Они отпрянули друг от друга, будто любовники, застигнутые врасплох ревнивым мужем.
– Вот она, добралась и до нас. – Вовка торопился, бегал по двору, собирая нехитрый свой скарб.
Маленький топорик, которым Ксения щипала лучину, точило, зачем-то железную цепь. Он заскочил в избу. Дощатая дверь громко хлопнула и едва не развалилась. Ксения кинулась следом. За её спиной слышались разрывы и трескотня очередей. Вовка торопливо собирался.
– Это палят танки, – бросил он Ксении, – красные. Немцы в болото не полезут. Все передохнут тут. Все!
– Ты уйдешь. Меня оставишь здесь? Ты опять плохо поступаешь со мной.
– Поступки не важны. Важны намерения. Чистые намерения оставляют душу чистой. А поступки людишки истолкуют, как захотят. На то они и людишки.
– Тебя убьют, я сгину на этих болотах, не исполнив своей миссии! Что будет с мамой?
– Я много лет прожил на этих болотах и выжил. Как видишь, меня не убили свои. Не убьют и немцы. И ты выживешь.
– Не уходи! – голос её сорвался на крик, но за грохотом новых разрывов его было не расслышать.
А Вовка уже и обулся, и перепоясался своим сыромятным ремнем.
– Я намерен совершить хороший поступок. Спроси какой, Марфа, спроси!
– Какой? – она силилась быть покорной.
– Я приведу тебе Тимофея. Или принесу, если он мертв, но это вряд ли. Тогда мы встанем перед тобой оба разом, и ты сделаешь свой выбор.
Ксения бежала следом за ним до тех пор, пока он позволял. К краю болота они подползали на карачках. Эх, оттепель! Темная поверхность топи, едва схватившись ледком, стала оттаивать.
– На дне ил гниет, – прошептал Вовка. – Прожорливая тварь промерзает лишь к февралю, да и то не всякую зиму.
Часть третья. Адские кущи
Вяземский лагерь военнопленных располагался на окраине города, на территории недостроенного мясокомбината. Производственные корпуса без крыш, без внутренней отделки, а местами и без полов располагались на небольшой, успевшей зарасти редким кустарничком территории. Эту площадку обнесли колючей проволокой, по углам возвели сторожевые вышки. Сам комендант герр Раутерберг жил за пределами лагеря, в домике горожанки Ягодиной. Зато начальник конвоя герр Зигфрид не отлучался с территории лагеря ни днем, ни ночью. Для него достроили левое крыло административно-бытового корпуса – небольшого двухэтажного строения, похожего на флигель барской усадьбы.
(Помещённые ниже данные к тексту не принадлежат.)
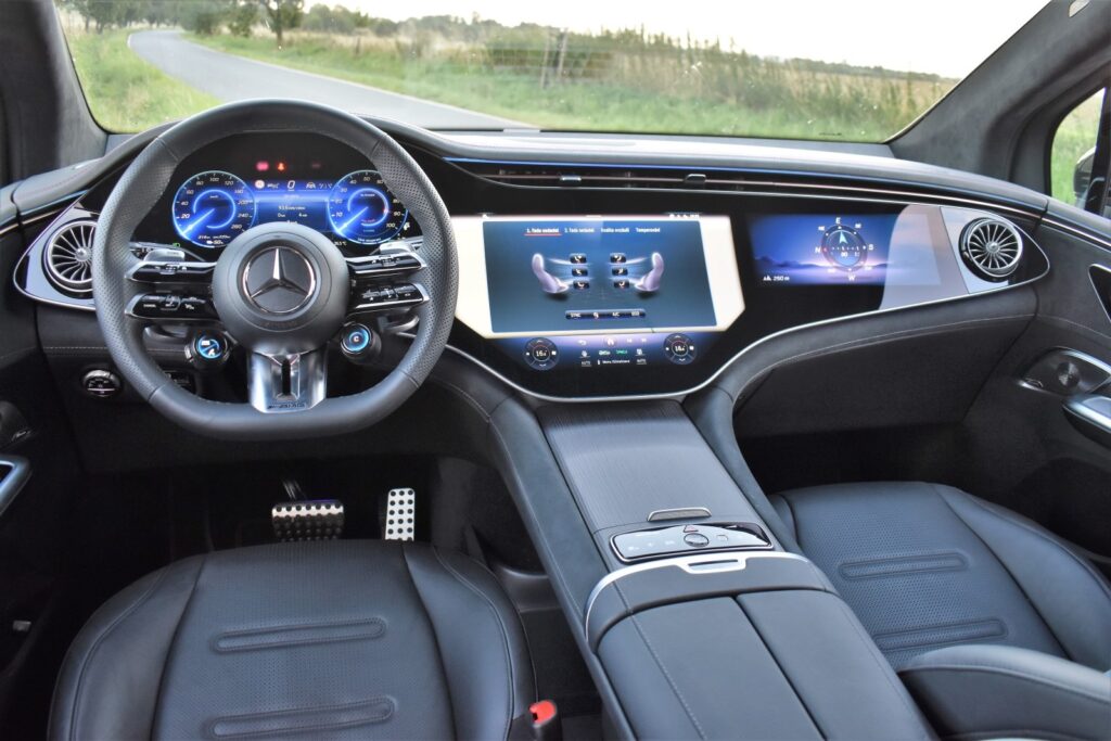 Po limuzínách EQS a EQE se tak na specifické elektrické platformě objevila stejně pojmenovaná SUV. Podobně jako tomu je u dalších Mercedesů EQ, má i EQE SUV velkou konkurenční výhodu v provedení interiéru. Palubní desku může tvořit „hyperobrazovka“ MBUX Hyperscreen. Stojí 216 000 korun a sdružuje obrazovku místo přístrojové desky, multimediální systém a OLED obrazovku před spolujezdcem. Všechny tři displeje jsou propojené navzájem, což dává pocit, že palubní deska je zkrátka jen jedna velká obrazovka.

Под крышей бывшей скотобойни – самого большого из строений лагеря, и единственного, имеющего кровлю, расположился так называемый госпиталь. Там умирали раненые пленники, там, в дощатой выгородке, рядом с вечно чадящей буржуйкой, хворал генерал Лукин. На второй день после прибытия в лагерь ему отняли раненую ногу, и теперь, пребывая в тесном пространстве между жизнью и смертью, он в горячечном бреду требовал связи с командованием фронта. Но здесь, в Вяземском лагере, генерал мог осуществить связь лишь с тем, кто кормил его и ухаживал за ним, подобно опытной сиделке, – капитаном Ильиным. Не страшно, что, принимая из рук Тимофея пищу, генерал не всякий раз узнавал его. Не беда, что, совершая убогий лагерный туалет, Лукин частенько костерил свою добровольную няньку по матери. Ужас бездействия, отупелое существование под дулами автоматов. Страшен омут серой, теряющей человеческий облик и ясный разум массы арестантов. Страшно слиться, страшно захлебнуться безумием. Тимофей быстро догадался: лагерное начальство не хочет смерти Лукина. Генералу оказывалась хоть и не достаточная для выздоровления, скудная, но всё-таки помощь. Генералу была доступна даже некоторая роскошь в виде шнапса и обезболивающих пилюль. С течением времени Лукин всё чаще приходил в сознание, подолгу лежал с открытыми глазами. Иной раз заговаривал с Тимофеем. Всё чаще речь его казалась вполне разумной.
Когда лагерный фельдшер герр Шварц отдирал от гноящихся ран генерала бинты, Тимофей ложился раненому на грудь, придерживал голову, позволяя ему кусать себя за руки.
– Скрипи, кусай меня, Федор Михайлович. Только не показывай немчику своей слабости.
Всё чаще, утирая горячечный пот со лба старшего товарища, Тимофей с неизменной радостью замечал в его глазах обычную, человеческую, живую благодарность.
В минуты ясного сознания Лукин всегда задавал ему один и тот же вопрос:
– Зачем ты делаешь это? Зачем спасаешь меня?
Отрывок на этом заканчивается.